Credit: Philip Patenall/Springer Nature Limited

Gene therapy can be delivered to a fetus in utero to treat neuronopathic Gaucher disease, according to a new mouse study led by Simon Waddington at the UCL Institute for Women’s Health, London, UK. The findings, published in Nature Medicine, could open up new possibilities for early intervention in neurodevelopmental disorders.

Gaucher disease is a multisystem lysosomal storage disorder caused by mutations in the glucosylceramidase (GBA) gene. The condition manifests as a spectrum of disease depending on the nature of the mutation, from the severe, childhood-onset neuronopathic form to milder forms with a more gradual onset. The milder forms respond well to enzyme replacement therapy, but the childhood-onset form is currently untreatable.

Together with his colleague Ahad Rahim, Waddington had previously shown that systemic delivery of an adeno-associated virus 9 (AAV9) vector carrying a reporter gene to mouse fetuses resulted in widespread expression of the gene in the CNS. “My personal motivation was to search for the most difficult-to-treat diseases as a target for fetal gene therapy,” explains Waddington. “We had conversations with lysosomal storage disease clinicians, and they suggested that we consider neuronopathic Gaucher disease.”

For the new study, Waddington, Rahim and co-workers used a Gba-mutant mouse model that recapitulated the neurodegenerative phenotype associated with childhood-onset neuronopathic Gaucher disease. The researchers injected an AAV9 vector containing the human GBA gene intracranially into fetuses at gestational day 16.

This intervention was found to halt neurodegeneration and reduce neuroinflammation in the affected mice, resulting in improved survival and motor function after birth. Injection of the vector into neonatal mice also ameliorated the neurodegenerative phenotype but was less effective than fetal injection.

Fetal gene therapy may be both medically preferable and technologically feasible

“With both of these approaches, the mice still exhibited visceral disease because we had only performed gene therapy on their brains,” says Waddington. “We therefore took these experiments to their logical conclusion — neonatal intravenous injection. Again, we saw amelioration of neuropathology, but the treatment also prevented visceral disease, including lung pathology, which is not even stopped by enzyme replacement therapy.”

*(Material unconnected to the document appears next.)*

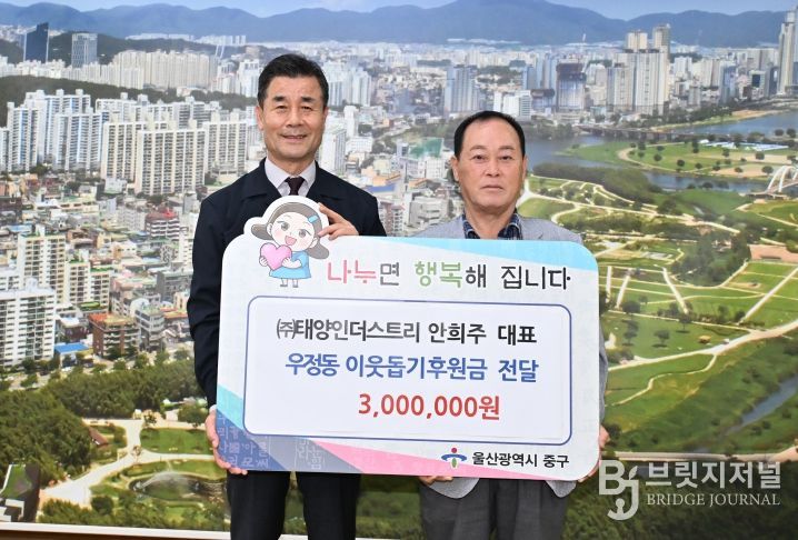 브릿지저널 윤나영 기자 | 안희주 ㈜태양인더스트리 대표가 9월 22일 오후 4시 30분 중구청 구청장실을 찾아 대한적십자사 울산광역시지사를 통해 이웃돕기 후원금 300만 원을 전달했다.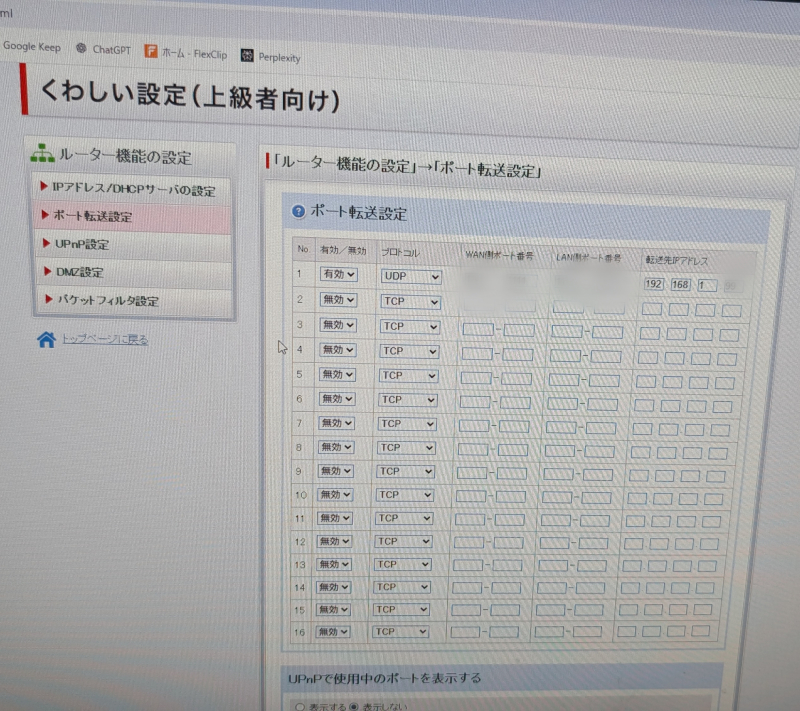 - 光BBユニットにVPNのためのポート転送設定を実施

In collaboration with a team led by Jerry Chan in Singapore, Waddington and colleagues went on to explore whether a viral vector could be delivered directly to the fetal primate brain. An AAV9 vector containing a marker gene was injected into the lateral ventricles of fetal macaque brains at gestational day 58. By the time of birth, marker gene expression was widely distributed throughout the brains of the treated animals.

“Fetal gene therapy may be both medically preferable and technologically feasible in the treatment of lethal, early-onset genetic diseases, particularly those manifesting with neurodegeneration or neurodevelopmental anomalies,” comments Waddington. “Potential hurdles include the choice of an appropriate disease target, effective genetic — and perhaps phenotypic — diagnosis in utero, and the fact that for all obstetric medicine, the mother’s health must also be considered.”

Waddington suggests spinal muscular atrophy (SMA) as another neurodegenerative disease that could be amenable to fetal gene therapy in the future. This condition can be diagnosed in utero and has been shown to respond to gene therapy administered in the first few months of life. For the moment, however, Waddington’s team is focusing on optimizing gene therapy for Gaucher disease in preclinical models, with the ultimate aim of taking this approach forward into clinical trials.